• Information shown
━━━━━━━━━━━━━━━━━━━━━━━━━━━━━━

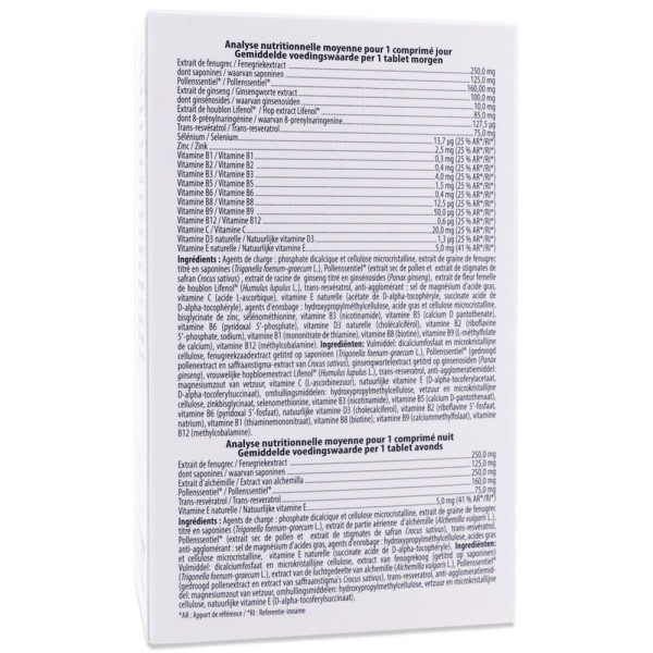 Comprimé jour : Agents de charge : phosphate dicalcique et cellulose microcristalline, extrait de graine de fenugrec titré en saponines (Trigonella foenum-graecum L.), Pollenssentiel® (extrait sec de pollen et extrait de stigmates de safran Crocus sativus) , extrait de racine de ginseng titré en ginsénosides (Panax ginseng), extrait de fleur femelle de houblon Lifenol® (Humulus lupulus L.), trans-resvératrol, anti-agglomérant : sel de magnésium d'acides gras, vitamine C (acide L-ascorbique), vitamine E naturelle (acétate de D-alpha-tocophéryle, succinate acide de D-alpha-tocophéryle), agents d'enrobage : hydroxypropylméthylcellulose, acides gras et cellulose microcristalline, bisglycinate de zinc, sélénométhionine, vitamine B3 (nicotinamide), vitamine B5 (calcium D pantothenate), vitamine B6 (pyridoxal 5′-phosphate), vitamine D3 naturelle (cholécalciférol), vitamine B2 (riboflavine 5′-phosphate, sodium), vitamine B1 (mononitrate de thiamine), vitamine B8 (biotine), vitamine B9 (L-méthylfolate de calcium), vitamine B12 (méthylcobalamine).
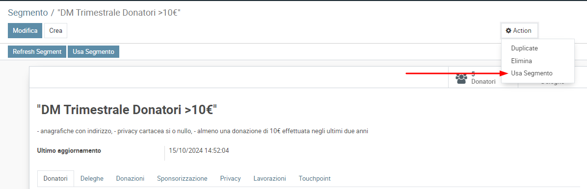 Il passaggio di creazione di un nuovo segmento per il Direct Mailing deve essere effettuato solo la prima volta. Grazie alle funzionalità di Donodoo Fundraising potrai riutilizzare questo segmento per tutte le liste e le campagne per l'attività di Direct Mailing ricorrente della tua organizzazioni.
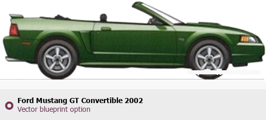 Raster blueprint of the 2002 Ford Mustang GT Convertible Cabriolet. This free downloadable image can be used for graphic projects, digital design, and 3D modeling. The file provides accurate exterior proportions of the vehicle. Model year: 2002. Body type: Cabriolet.
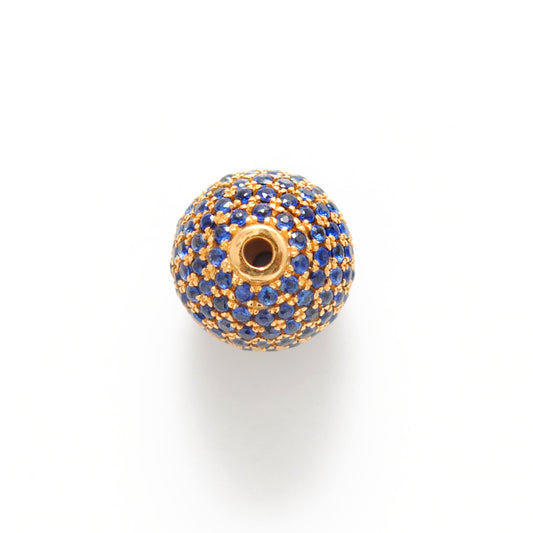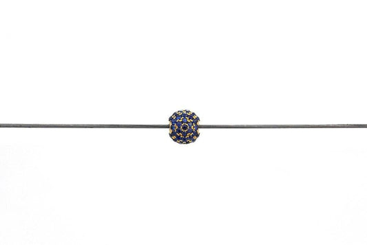 14k Solid Yellow Gold Pave Diamond & Blue Sapphire Round Beads 8mm

━━━━━━━━━━━━━━━━━━━━━━━━━━━━━━

• Work task
The output should be the lines from the one with "Raster blueprint of" through the end of the material above, both ends included, printed exactly and nothing else. Drop the pictures.

• Solved problem
 Raster blueprint of the 2002 Ford Mustang GT Convertible Cabriolet. This free downloadable image can be used for graphic projects, digital design, and 3D modeling. The file provides accurate exterior proportions of the vehicle. Model year: 2002. Body type: Cabriolet.
 14k Solid Yellow Gold Pave Diamond & Blue Sapphire Round Beads 8mm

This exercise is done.